Акира Мадо не знает, в какой момент ее жизнь полетела под откос. Когда умерла мама? Или когда спустя несколько лет за ней последовал и отец? Может, когда Акира увидела два таких знакомых и дорогих имени в списках пропавших безвести? Амон Котаро и Такидзава Сейдо. Когда увидела поседевшего друга, с безумными глазами отрывающего головы следователям? Или когда закрыла Сейдо собой? А может, тогда, когда этот друг постучался ей в двери, спасаясь от следователей, и задержался навсегда? Словно в фильмах ужасов на улице лил дождь, и стояла жуткая темень. Мадо читала какой-то дешевый и ужасно глупый роман. В жизни так не бывает, никогда. По крайней мере не в ее. Ее жизнь всегда состояла из бесконечных тренировок и шагов к совершенству. Во всем. Сколько Акира себя помнила, она только и делала, что тренировалась, работала и работала. Чтобы отец мог ей гордиться. Для нее не была важна победа, лишь это чувство, что ты кому-то нужна. Отец хвалил ее и допоздна задерживался на работе.
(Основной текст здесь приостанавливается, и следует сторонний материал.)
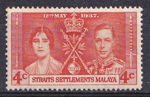 1937年(英領) ジョージ6世・王妃戴冠式切手 (マレーシア・シンガポールの一部) 4c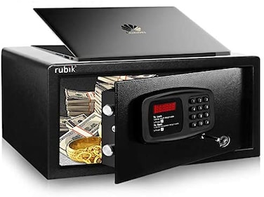 - Secure your laptops, tablets and other electronics with the Large Electronic Digital Safe by Rubik. The interior of this Rubik is large enough to store a standard sized laptop, tablet PC or document folder, safeguarding your electronics and personal information from theft, misuse or destruction. The keypad is powered by the (included) 4-AA batteries, can be programmed to accept a 3 to 8-digit pin code, and can be bypassed with the included override key in emergency situations. The safe is best size for to store under a bed or in a closet, making it great for college students to store their laptop or tablet, important paperwork and extra cash safely in their dorm or campus apartment. This lock box great for securing valuables even while traveling. Reprogrammable digital access; uses four AA batteries (included), Comes with 1 override key. (no spare keys available) SIZE: L42xW37xH20cm WEIGHT: 11KG This Rubik security safe with electronic lock and emergency override key, Carpeted floor to protect against scratches and damage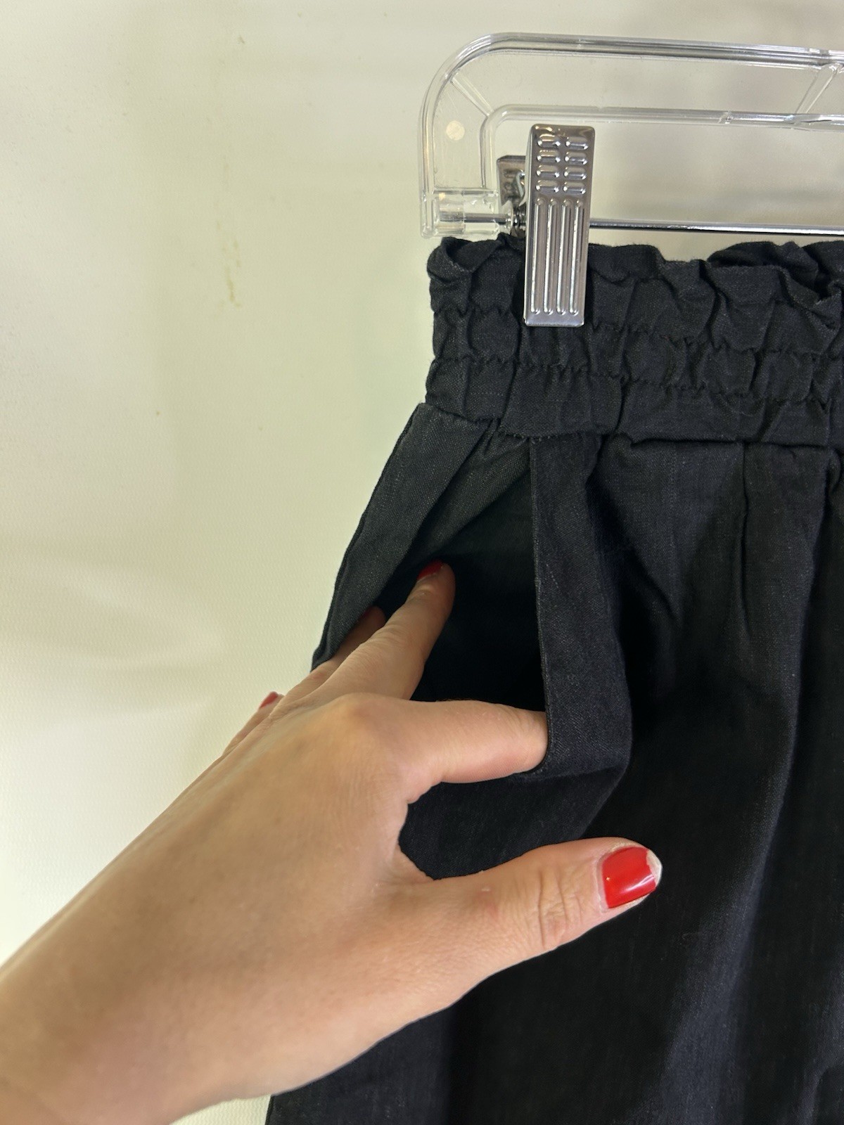 Vintage Y2K Womens Large Linen Blend Smocked Pull On Wide Leg Cropped Pants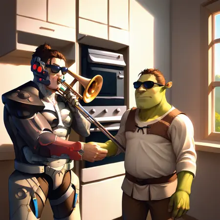 重みは0.9から1.1まで設定可能です。推奨値は1です。ほぼすべてのスタイル、キャラクター、フォトリアルモデルで動作します。画像はリージョナルプロンプトで生成されています。設定は以下に表示されています。一般的なプロンプトを使用する場合は、LoRAの重みを0.4~0.55に減らしてください。楽器の操作は難しいです。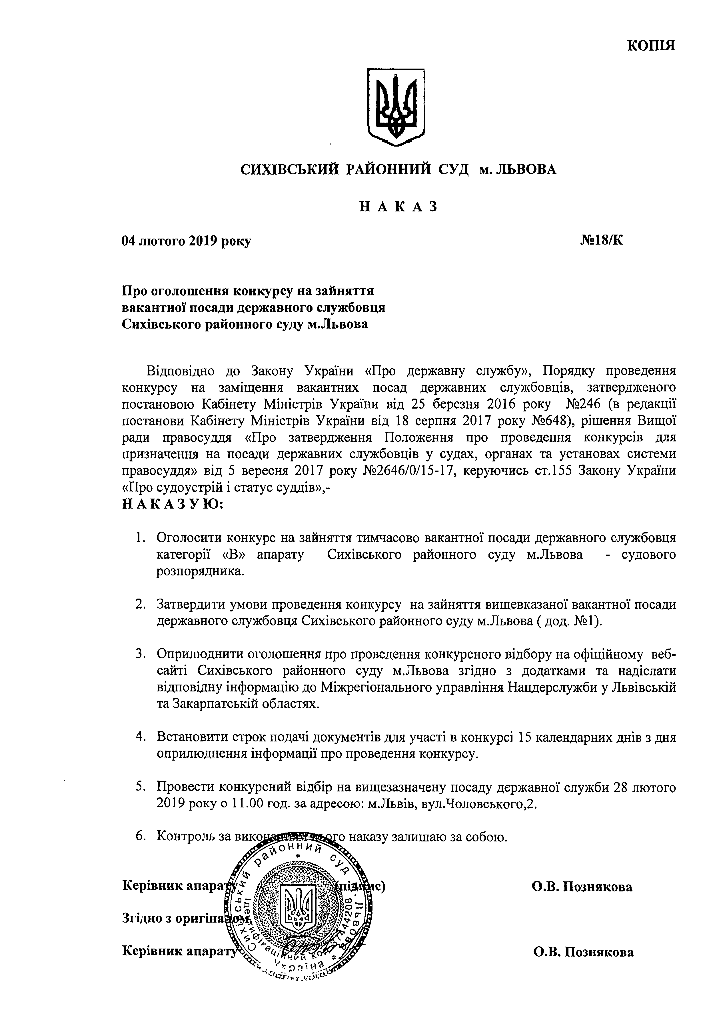 Оголошено конкурс на зайняття вакантної посади державного службовця - судового розпорядника

В ее жизни не было детства, только бесконечная вереница отчетов, сражений и могил. Чай давно остыл. Мадо следила за здоровьем и не могла позволить себе пить кофе. Он очень вреден для сердца, говорил отец. Громкий, пищащий звонок в дверь едва не заставил Мадо перевернуть на себя кружку. В такое время гости не приходят, а к ней некому и идти. Электрошокер привычно лег в руку. Но того, что последовало за поворотом ключа Акира точно не ожидала. Как и своего незваного гостя, влетевшего в квартиру. Такидзава смотрел на нее глазами загнанного зверя, полыхая алым какуганом. Несколько секунд понадобилось Мадо для размышлений, и она втолкнула тяжело дышащего Сейдо в ванную. Следователи не устраивали допроса с пристрастием. Они просто ее не знали. А в ванну Акира закинула полотенце и комплект одежды. Объяснения были не слишком долгими. Сейдо оставался только до утра. Но Мадо не собиралась его отпускать. Только не сейчас, когда ни у нее, ни у него никого не осталось кроме друг друга.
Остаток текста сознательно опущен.